60 Minutes followed up on the stellar kneepad work it did for the National Security Agency last week with an interview with National Security Advisor Susan Rice that touched on spying issues. This time, though, even the media's flaccid 300, holding the hot public relations gate on behalf of every stupid and intrusive policy the administration can conjure, seemed to have a tough time swallowing Rice's absolutist stance against whistleblower Edward Snowden, and her defense of surveillance policies that creep out people around the world, offend America's allies, and drive billions of dollars of business away from U.S. corporations

From CBS News:

Lesley Stahl: Edward Snowden. You know, Snowden is believed to have a million and a half more documents that have never been released. Given that, would you, would the president, consider granting him amnesty in exchange for him never releasing any more documents?

Susan Rice: Well, Lesley, we don't think that Snowden deserves amnesty. We believe he should come back, he should be sent back, and he should have his day in court.

Lesley Stahl: But if what he's released so far has been so damaging and he has a million and a half more documents, how important is it that he not release those? And what would we offer him, nothing?

Susan Rice: Lesley, you know I'm not going to get into a negotiation with you on camera about something that sensitive--

So Edward Snowden is still absolutely a bad guy, and never mind that he's revealed a vast and chilling surveillance state so that we can finally debate its (lack of) merits. The National Security Advisor sticks to the White House party line that Snowden deserves no consideration as a whistleblower with broad, popular support. Even Lesley Stahl seems to find Rice a tad…rigid and unrealistic. Maybe it was the federal court ruling that NSA spying is very likely unconstitutional that turned the tide. Or maybe it was the review board's recommendations—however tepid—that the NSA be reined-in just a bit.

This past week, a federal judge ruled that the NSA's bulk collection of American phone records, revealed in Snowden's leaks, "almost certainly" violates the Constitution, while a panel of intelligence and legal experts urged the president to impose new restrictions on the NSA.

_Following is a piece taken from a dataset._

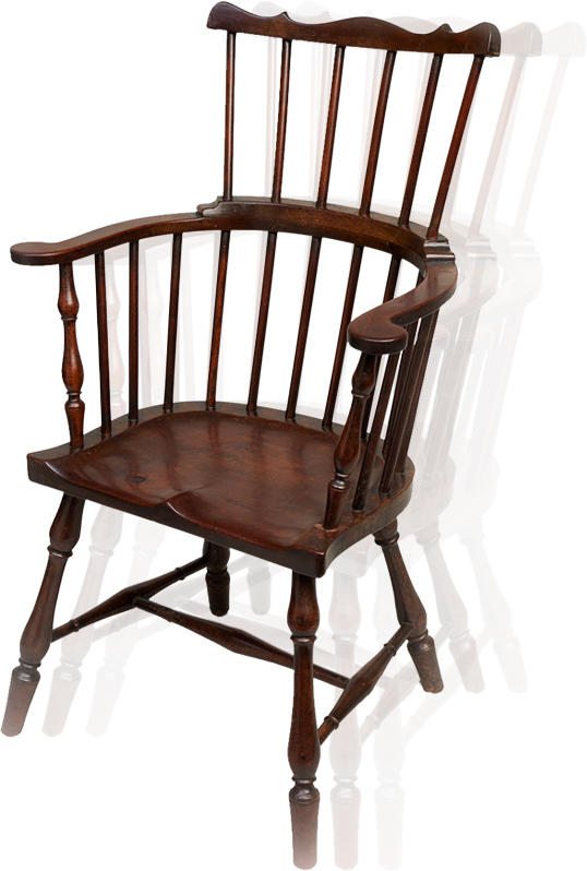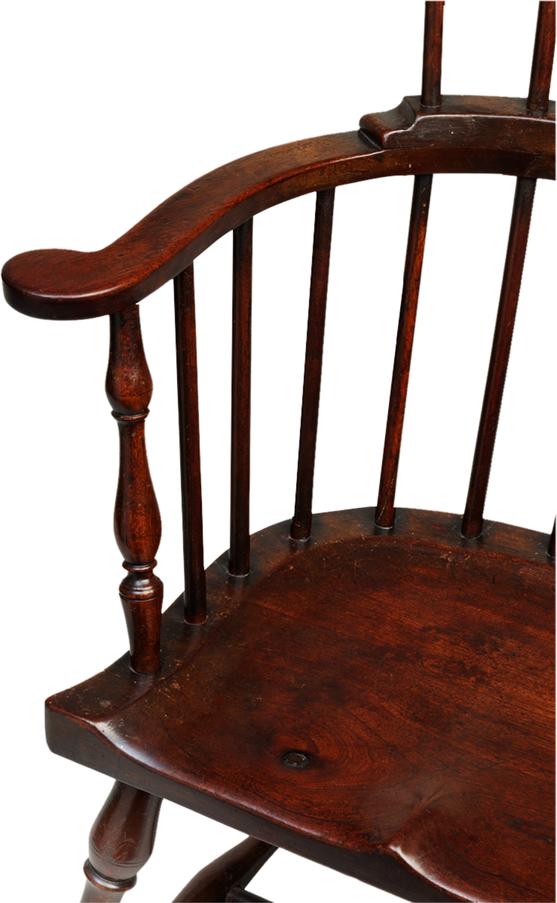 Over time, many different names have been used to identify this type of chair. One that first rose to popularity in England beginning in the 1700s was “Forest Chair.” The term comes from the early production in England of chairs made from wood gathered in the forests around Windsor, and to this day “Windsor chair” remains the most common name. Because mahogany trees that grew in the forests of Jamaica were used to create this example, the designation as a “Forest Chair” is particularly appropriate and speaks not only to the site from which the wood came but also to the forced harvesting of mahogany by Africans and their descendants in the tropical rainforests of the Caribbean.

Lesley Stahl: According to an article in the New Yorker, every time there's been a question about putting restraints on the NSA up to now, the president has sided with the intelligence community.

Susan Rice: What the NSA and our intelligence community does as a whole is designed to protect Americans and our allies. And they do a heck of a good job at it.

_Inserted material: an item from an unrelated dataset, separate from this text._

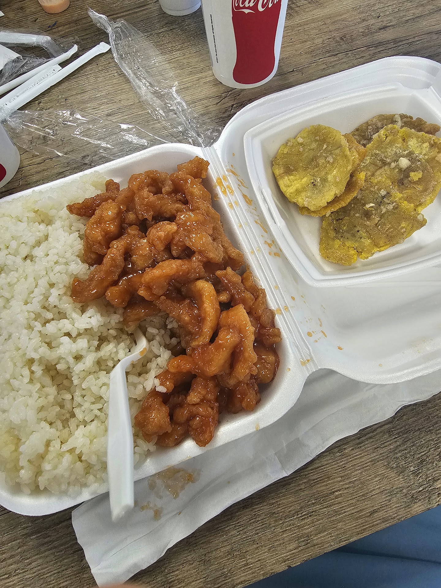 Read moreIt's a fast food joint so don't expect some type of full service restaurant with beautiful decor. If you're looking for really good fast food with a bunch of choices with good prices and big portions this is it. We had the orange chicken it was good, had almost a Latin twist on the flavors, big portions with fried rice, it was hit. Also had the shrimp with onions and peppers it was also really good, shrimp were big done right, not over cooked and of course cleaned and deveined. Can't stand when some places do not clean the shrimp. They have everything from fried chicken to Chinese food and Latin food. I would recommend this...

Lesley Stahl: Officials in the intelligence community have actually been untruthful both to the American public in hearings in Congress and to the FISA Court.

Susan Rice: There have been cases where they have inadvertently made false representations. And they themselves have discovered it and corrected it. 

Lesley Stahl: But when you have so many phone records being held, emails, heads of state's phone conversations being listened in to, has it been worth our allies being upset? Has it been worth all the tech companies being upset? Has it been worth Americans feeling that their privacy has been invaded?

Susan Rice: Lesley, it's been worth what we've done to protect the United States. And the fact that we have not had a successful attack on our homeland since 9/11 should not be diminished. But that does not mean that everything we're doing as of the present ought to be done the same way in the future.

Rice could be adhering to that old saying about how being in government means never having to say you're sorry. Or maybe she's looking forward to a John Bolton-ish career of appearing on news shows just to call for the execution of enemies of the state.